Algorithmic Thought
Bubble sort is a typical exchange sort.
Exchange sort, as its name implies, is to judge whether it meets the requirements by comparing two elements, and if it fails to meet the requirements, to exchange positions to achieve the purpose of sorting. Bubble sorting names originate from the fact that small (large) elements, like water bubbles, float slowly from the bottom to the top of the water through constant exchange.
The idea of bubble sorting is to use comparative exchange to place the smaller or larger elements of I by using a loop. The sorting operation uses the comparison of two adjacent elements i n n. If the order is correct, it will not exchange, and if the order is wrong, it will exchange positions. The entire sorting is completed by repeatedly iterating through the array until there are no elements that can be exchanged.
Example
Let's take an example to understand the basic bubble sorting, assuming that we have an array a with internal elements of 3, 4, 1, 5, 2, that is, the initial state, as shown in the figure below. Our goal is to achieve bottom-up order from big to small through n comparisons.
First Sort
Let's start with the first sorting.

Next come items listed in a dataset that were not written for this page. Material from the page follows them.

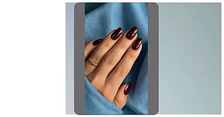 The image shows a hand with perfectly polished burgundy nails. The nails are long and have a shiny, glossy finish. The color is rich and deep, making the nails look incredibly sophisticated. It’s like the perfect blend of a vampy, mysterious look with a touch of elegance – kind of like that cool senior in your class who everyone looks up to.
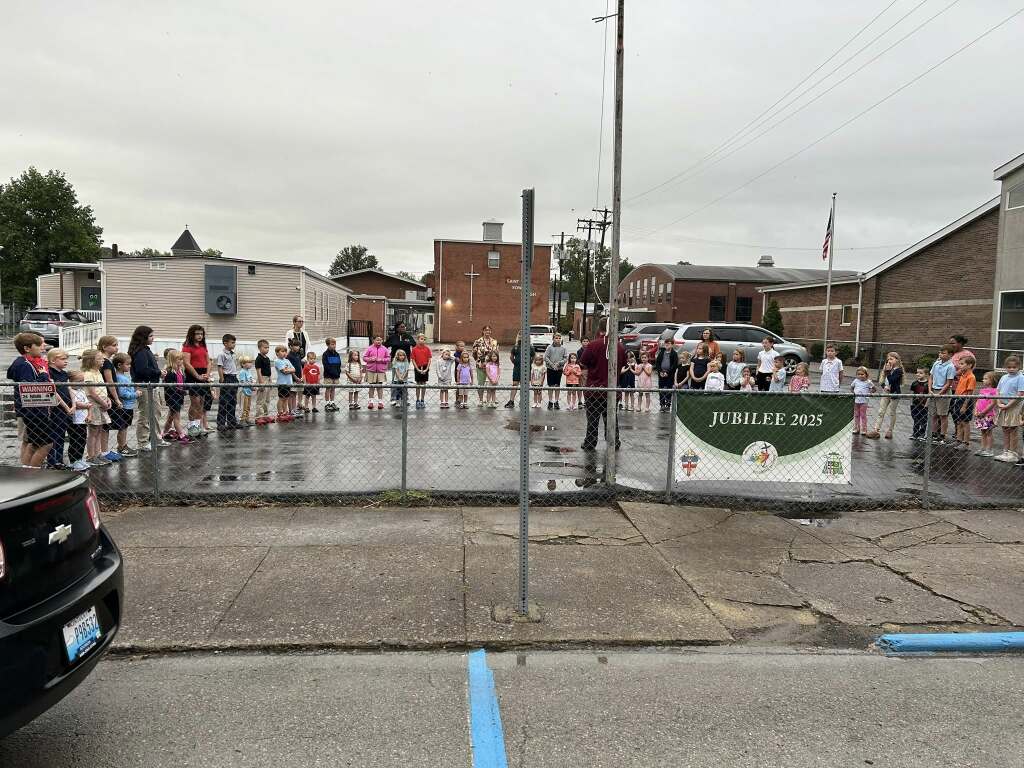 Sept 24, 2025: St Edward students athering at the flagpole for prayer this morning,
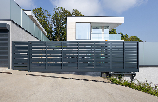 На фото: откатные ворота и калитка с заполнением из алюминиевых профилей шириной 82 мм.
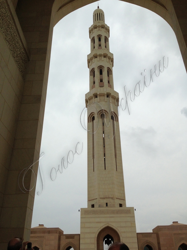 Усі туристські маршрути в Омані обов'язково ведуть до головної мечеті, побудованої по велінню султана Кабуса, що й носить його ім'я. Це -- справжнє архітектурне диво -- перлина Аравійського півострова. Мечеть побудовано з 300 000 тонн індійського піщанику. Головний молитовний зал квадратної форми (74.4 x 74.4 метра) із центральним куполом, що піднімається на 50 метрів. Купол і головний мінарет (90 метрів заввишки) і чотири бічні мінарети (45.5 метра) є головними візуальними особливостями мечеті. Головний молитовний зал може одночасно вмістити понад 6,5 тис. вірян, у той час як жіночий молитовний зал усього тільки 750 людей (31 х 18 метрів). Зовнішня молитовна територія здатна вмістити 8 тис. вірян, сумарна кількість до 20 тис. вірян. Мечеть Султана Кабуса займає площу 416 тис.кв.м. Інтер'єр покритий білим і сірим мармуром. Керамічні квіткові візерунки прикрашають інтер'єр арки й сліпих ніш. Купол, що ширяє на висоті, -- подвійний: внутрішня оболонка покрита позолоченою мозаїкою, зовнішня являє собою ажурне покриття. Головний зал освітлюють 35 люстр; діаметр найбільшою, зробленої в Австрії -- 14 м, вона має 1122 лампи й важить 8 тонн. На кожній люстрі із кришталю й кристалів "Сваровські" відтворені в мініатюрі безліч мінаретів мечеті. Перський килим у головному залі вагою 21 тонн, створений з 1,7 млн. вузлів, на його візерунках -- 28 квітів, причому використовувалися винятково рослинні барвники. Килим розміром 70 х 60 м. із 58 частин, які були потім з'єднані в один килим, протягом чотирьох років ткали 600 жінок у дві зміни. Розстеляння килима зайняло кілька місяців. Це найбільший килим у світі.
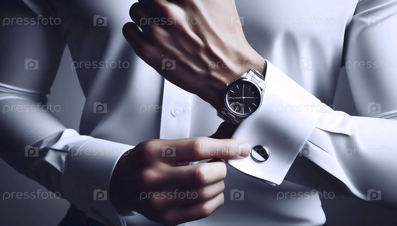 Ближайшее изображение часов на запястье мужчины, когда он регулирует кнопку наручников хрустящей белой рубашки, Ai generated image
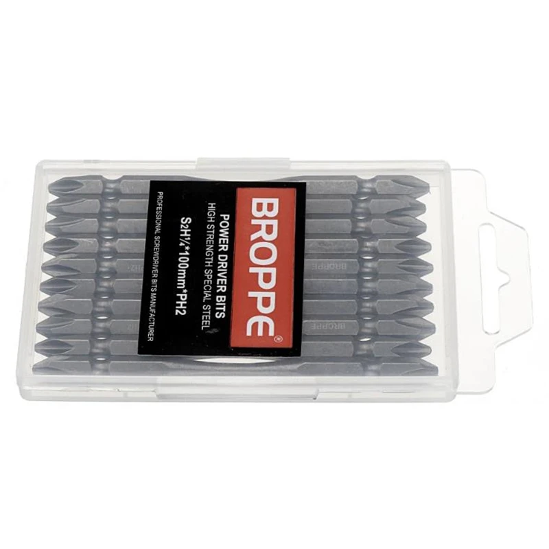 Описание:BROPPE 10 + 1 100 мм PH2 S2 сплав сталь Магнитная двойная головка электрическая отвертка Набор бит с одним B типа магнитное кольцоСпецификация:
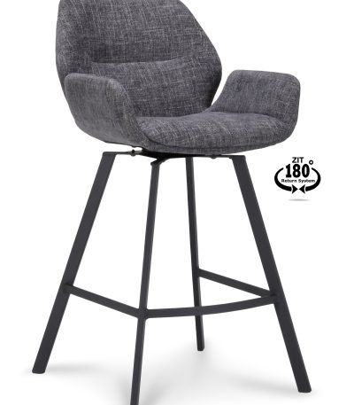 Barkruk met arm Luton – ZH 65 Stof Miami Darkgrey 68 Poot Black 180° Return-systeem
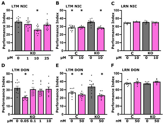 Cholinergic neurotransmission impacts LTM. Dark grey bars represent untreated mutant flies (KO), the white bar indicates untreated control flies (C), and magenta bars denote flies treated with specific compounds, with concentrations specified beneath each bar. Long-Term-Memory (LTM) is measured as detailed in Section 2. (A) Memory performance of KO animals following treatment with three different nicotine concentrations (1 μM, 10 μM, and 25 μM). (B) Memory and (C) learning of KO and control animals treated with 10 μM nicotine. (D) Memory performance of dTauKO animals treated with various concentrations (50 nM, 100 nM, 1 μM, and 10 μM) of donepezil. (E) Memory and (F) learning performance of KO and control animals upon treatment with 50 nM donepezil. Data are expressed as means ± SEMs for n ≥ 8 across all genotypes. The * indicates statistical significance compared to untreated KO flies. A detailed summary of the statistical analyses is provided in Table S4.
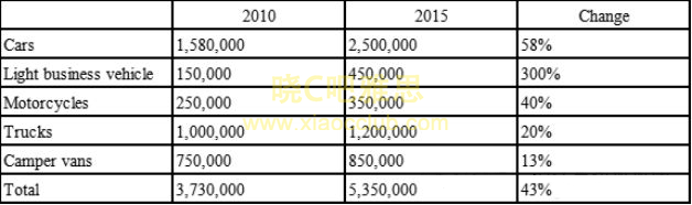 The table shows five types of registered motor vehicle in Australia in 2010 and 2015, with the change of percentage over these five years.

As shown in the figure below, red represents the elements currently compared, and green represents the elements that have been sorted.
(1) Compare the first and second elements, 4 > 3, exchange.

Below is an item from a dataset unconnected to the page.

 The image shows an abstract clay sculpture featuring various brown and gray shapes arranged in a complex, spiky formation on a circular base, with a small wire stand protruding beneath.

(2) Compare the second and third elements, 1 < 3, no exchange.
(3) Compare the third and fourth elements, 5 > 1, exchange.
(4) Compare the fourth and fifth elements, 2 > 1, exchange.
Finally, we can see that 1 is already at the top. Four comparisons are needed in the first time to compare the five numbers.
Second Sort
The initial state of the second ranking is the final state of the first ranking, i.e. 4, 3, 5, 2, 1.
(1) Compare the first and second elements, 3 < 4, no exchange.
(2) Compare the second and third elements, 5 > 3, exchange.
(3) Compare the third and fourth elements, 2 < 3, no exchange.
The second sorting will put two in place, and this time only needs three comparisons.
Third Sort
The initial state of the third ranking is the final state of the second ranking, i.e. 4, 5, 3, 2, 1.
(1) Compare the first and second elements, 5 > 4, exchange.
(2) Compare the second and third elements, 3 < 4, no exchange.
The third sorting will place three, and this time only needs two comparisons.
However, we can see that this time all five numbers have been sorted, but when we use the ordinary bubble sort, the algorithm will continue to go down.
Fourth cycle
The initial state of the fourth ranking is the final state of the third ranking, that is, 5, 4, 3, 2, 1.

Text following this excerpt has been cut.